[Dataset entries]
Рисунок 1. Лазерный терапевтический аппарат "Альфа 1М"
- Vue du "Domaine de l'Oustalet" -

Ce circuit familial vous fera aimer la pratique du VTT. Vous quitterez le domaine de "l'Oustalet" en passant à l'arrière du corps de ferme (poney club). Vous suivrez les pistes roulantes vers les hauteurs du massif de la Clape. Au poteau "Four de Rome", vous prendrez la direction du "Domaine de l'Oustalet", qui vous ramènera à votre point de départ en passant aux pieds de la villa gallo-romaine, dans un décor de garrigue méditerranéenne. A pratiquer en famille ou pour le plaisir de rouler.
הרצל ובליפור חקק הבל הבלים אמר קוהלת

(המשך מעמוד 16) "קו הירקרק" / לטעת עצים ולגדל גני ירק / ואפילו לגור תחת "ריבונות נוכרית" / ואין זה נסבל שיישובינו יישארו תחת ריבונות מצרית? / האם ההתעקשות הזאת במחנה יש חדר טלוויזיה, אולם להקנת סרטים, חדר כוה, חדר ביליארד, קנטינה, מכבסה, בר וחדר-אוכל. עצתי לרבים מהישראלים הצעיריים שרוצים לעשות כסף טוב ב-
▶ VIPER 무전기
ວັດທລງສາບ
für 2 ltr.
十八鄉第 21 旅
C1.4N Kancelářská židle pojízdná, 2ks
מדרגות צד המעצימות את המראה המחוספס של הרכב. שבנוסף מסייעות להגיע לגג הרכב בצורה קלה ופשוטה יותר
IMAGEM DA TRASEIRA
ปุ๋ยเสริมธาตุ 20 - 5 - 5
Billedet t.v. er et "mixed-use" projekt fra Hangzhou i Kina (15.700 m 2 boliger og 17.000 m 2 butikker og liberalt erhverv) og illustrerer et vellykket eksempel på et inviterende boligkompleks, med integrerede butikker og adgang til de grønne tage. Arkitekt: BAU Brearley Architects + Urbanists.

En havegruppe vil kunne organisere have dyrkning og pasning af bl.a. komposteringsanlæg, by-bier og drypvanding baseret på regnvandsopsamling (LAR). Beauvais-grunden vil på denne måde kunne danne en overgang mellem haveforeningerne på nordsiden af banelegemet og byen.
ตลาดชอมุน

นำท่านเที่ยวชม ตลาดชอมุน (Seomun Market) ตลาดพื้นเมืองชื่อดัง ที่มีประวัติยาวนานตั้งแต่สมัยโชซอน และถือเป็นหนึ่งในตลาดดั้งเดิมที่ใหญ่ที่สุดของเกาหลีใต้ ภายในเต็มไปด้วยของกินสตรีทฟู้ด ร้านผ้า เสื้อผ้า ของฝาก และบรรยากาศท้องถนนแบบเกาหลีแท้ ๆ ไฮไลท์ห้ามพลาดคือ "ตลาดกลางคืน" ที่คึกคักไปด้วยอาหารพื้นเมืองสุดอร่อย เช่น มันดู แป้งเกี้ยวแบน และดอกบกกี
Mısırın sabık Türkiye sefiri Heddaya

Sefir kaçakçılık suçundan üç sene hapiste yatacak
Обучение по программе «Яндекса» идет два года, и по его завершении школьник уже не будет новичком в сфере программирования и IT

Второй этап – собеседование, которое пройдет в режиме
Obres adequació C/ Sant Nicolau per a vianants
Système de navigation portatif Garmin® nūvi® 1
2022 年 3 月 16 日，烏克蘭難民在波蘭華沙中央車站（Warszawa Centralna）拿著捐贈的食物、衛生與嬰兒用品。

---

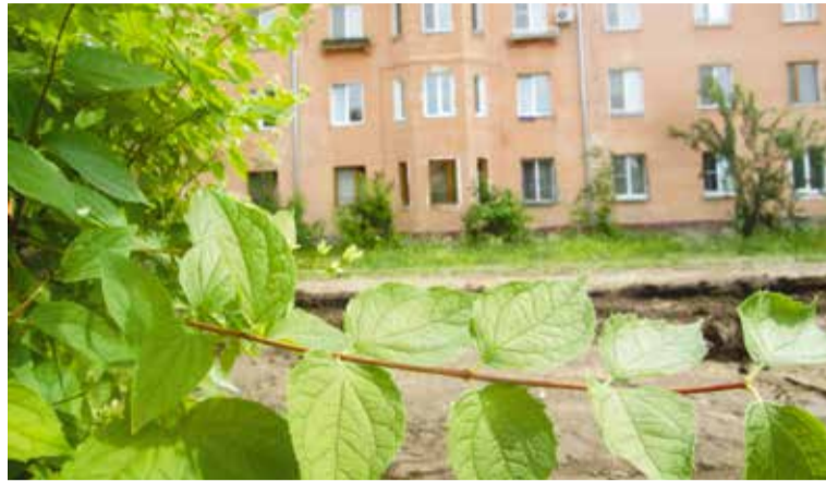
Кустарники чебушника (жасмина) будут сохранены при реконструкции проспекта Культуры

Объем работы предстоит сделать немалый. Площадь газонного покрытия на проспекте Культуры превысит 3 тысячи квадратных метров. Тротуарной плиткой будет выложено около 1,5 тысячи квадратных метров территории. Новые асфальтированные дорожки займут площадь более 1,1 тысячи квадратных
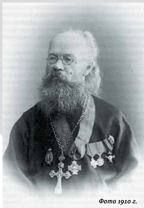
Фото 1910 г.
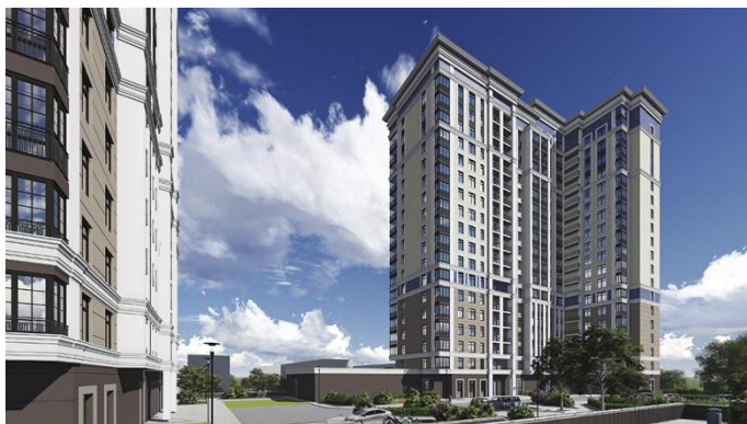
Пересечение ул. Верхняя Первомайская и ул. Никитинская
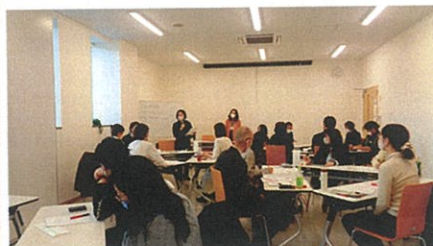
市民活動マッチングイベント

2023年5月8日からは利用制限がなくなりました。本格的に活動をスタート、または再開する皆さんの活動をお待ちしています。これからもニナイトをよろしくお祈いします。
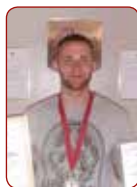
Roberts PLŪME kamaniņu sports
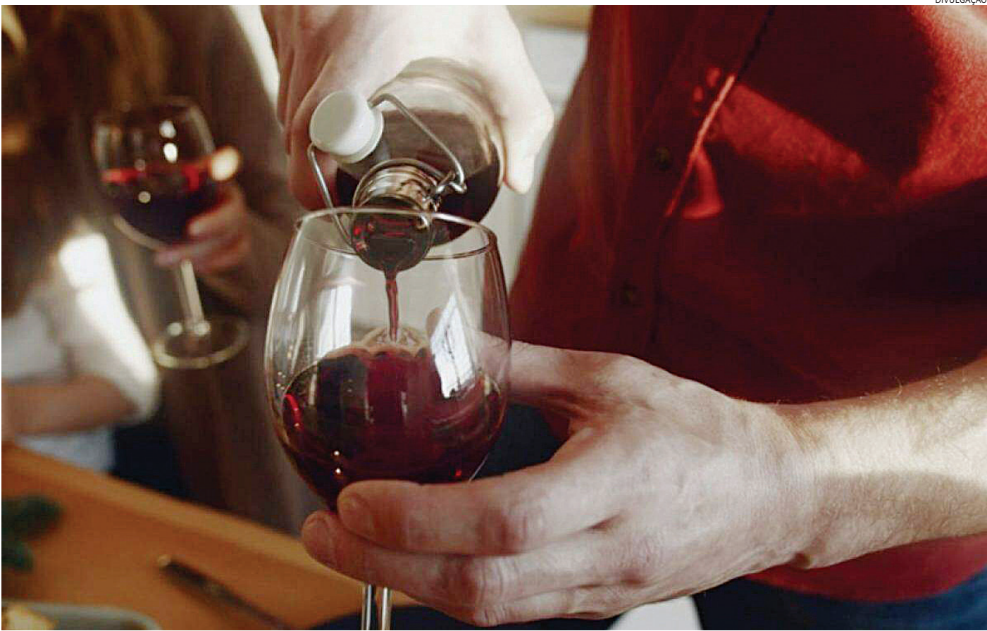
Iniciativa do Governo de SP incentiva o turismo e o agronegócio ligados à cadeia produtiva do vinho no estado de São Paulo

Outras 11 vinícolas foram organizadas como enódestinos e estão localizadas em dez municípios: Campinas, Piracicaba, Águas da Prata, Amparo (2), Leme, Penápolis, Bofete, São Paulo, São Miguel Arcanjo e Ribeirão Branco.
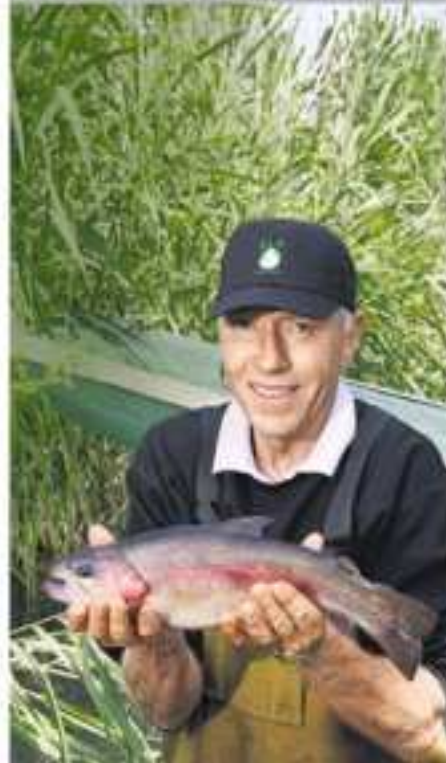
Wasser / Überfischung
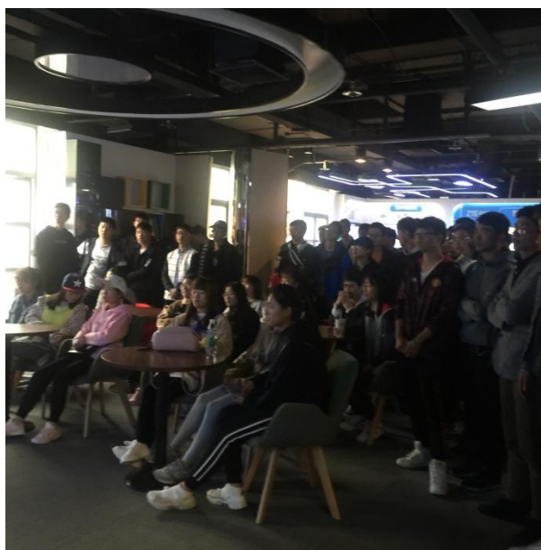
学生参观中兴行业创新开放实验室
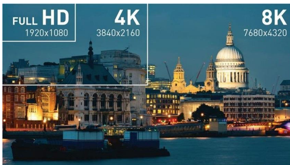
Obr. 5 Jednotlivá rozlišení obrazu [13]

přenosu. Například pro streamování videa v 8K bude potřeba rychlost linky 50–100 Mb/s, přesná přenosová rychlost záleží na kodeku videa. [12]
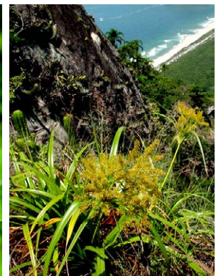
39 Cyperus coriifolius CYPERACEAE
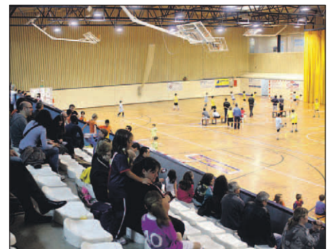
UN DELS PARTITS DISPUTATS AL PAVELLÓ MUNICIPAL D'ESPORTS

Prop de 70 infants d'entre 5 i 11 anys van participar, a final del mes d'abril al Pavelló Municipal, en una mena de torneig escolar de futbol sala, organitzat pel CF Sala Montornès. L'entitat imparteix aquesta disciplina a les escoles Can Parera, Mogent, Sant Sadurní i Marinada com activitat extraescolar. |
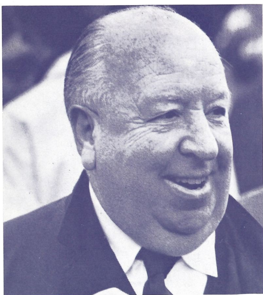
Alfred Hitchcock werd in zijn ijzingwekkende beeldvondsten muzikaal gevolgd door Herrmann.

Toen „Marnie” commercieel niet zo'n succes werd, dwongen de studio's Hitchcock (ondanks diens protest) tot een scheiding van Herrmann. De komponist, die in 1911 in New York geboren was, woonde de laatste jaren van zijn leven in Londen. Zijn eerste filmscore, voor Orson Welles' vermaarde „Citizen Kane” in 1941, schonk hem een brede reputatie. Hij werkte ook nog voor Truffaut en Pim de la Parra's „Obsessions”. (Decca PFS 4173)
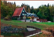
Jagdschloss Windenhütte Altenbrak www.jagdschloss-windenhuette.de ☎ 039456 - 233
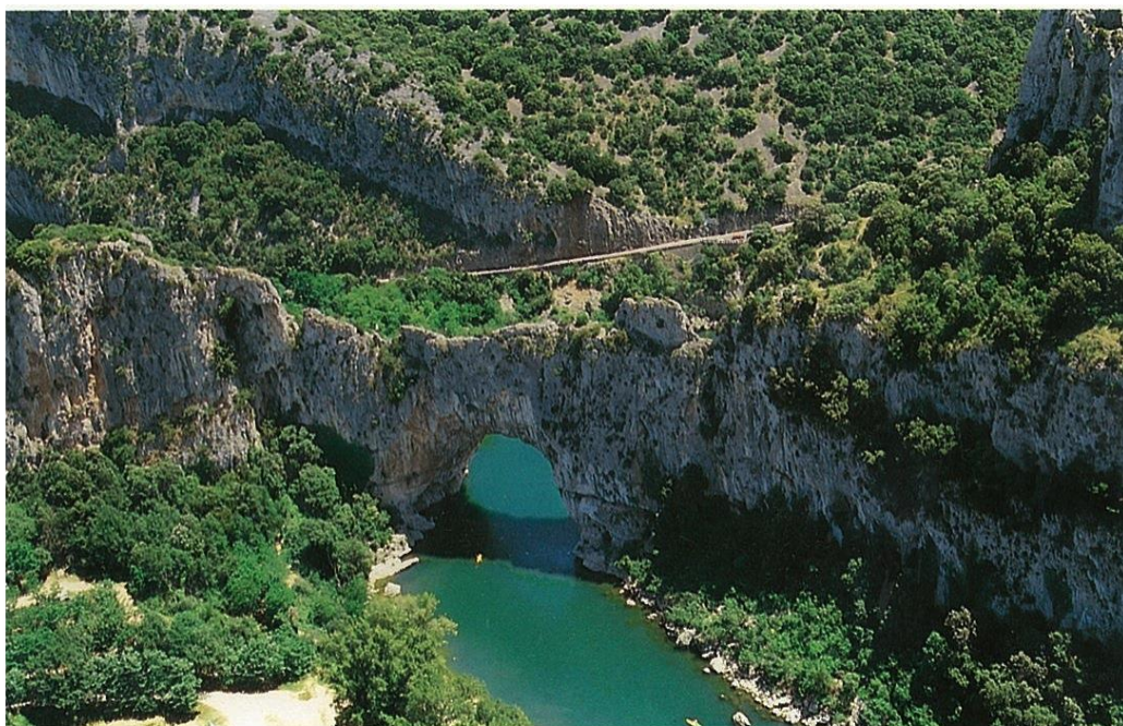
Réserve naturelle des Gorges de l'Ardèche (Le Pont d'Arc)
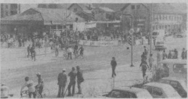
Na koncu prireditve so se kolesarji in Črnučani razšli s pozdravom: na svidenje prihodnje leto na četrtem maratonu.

> About this task
Although the records hold pictures, the copy must not; give again exactly the lines from the one with "Iniciativa do Governo" through the one with "Prop de 70 infants".

> Exercise output
Iniciativa do Governo de SP incentiva o turismo e o agronegócio ligados à cadeia produtiva do vinho no estado de São Paulo

Outras 11 vinícolas foram organizadas como enódestinos e estão localizadas em dez municípios: Campinas, Piracicaba, Águas da Prata, Amparo (2), Leme, Penápolis, Bofete, São Paulo, São Miguel Arcanjo e Ribeirão Branco.
Wasser / Überfischung
学生参观中兴行业创新开放实验室
Obr. 5 Jednotlivá rozlišení obrazu [13]

přenosu. Například pro streamování videa v 8K bude potřeba rychlost linky 50–100 Mb/s, přesná přenosová rychlost záleží na kodeku videa. [12]
39 Cyperus coriifolius CYPERACEAE
UN DELS PARTITS DISPUTATS AL PAVELLÓ MUNICIPAL D'ESPORTS

Prop de 70 infants d'entre 5 i 11 anys van participar, a final del mes d'abril al Pavelló Municipal, en una mena de torneig escolar de futbol sala, organitzat pel CF Sala Montornès. L'entitat imparteix aquesta disciplina a les escoles Can Parera, Mogent, Sant Sadurní i Marinada com activitat extraescolar. |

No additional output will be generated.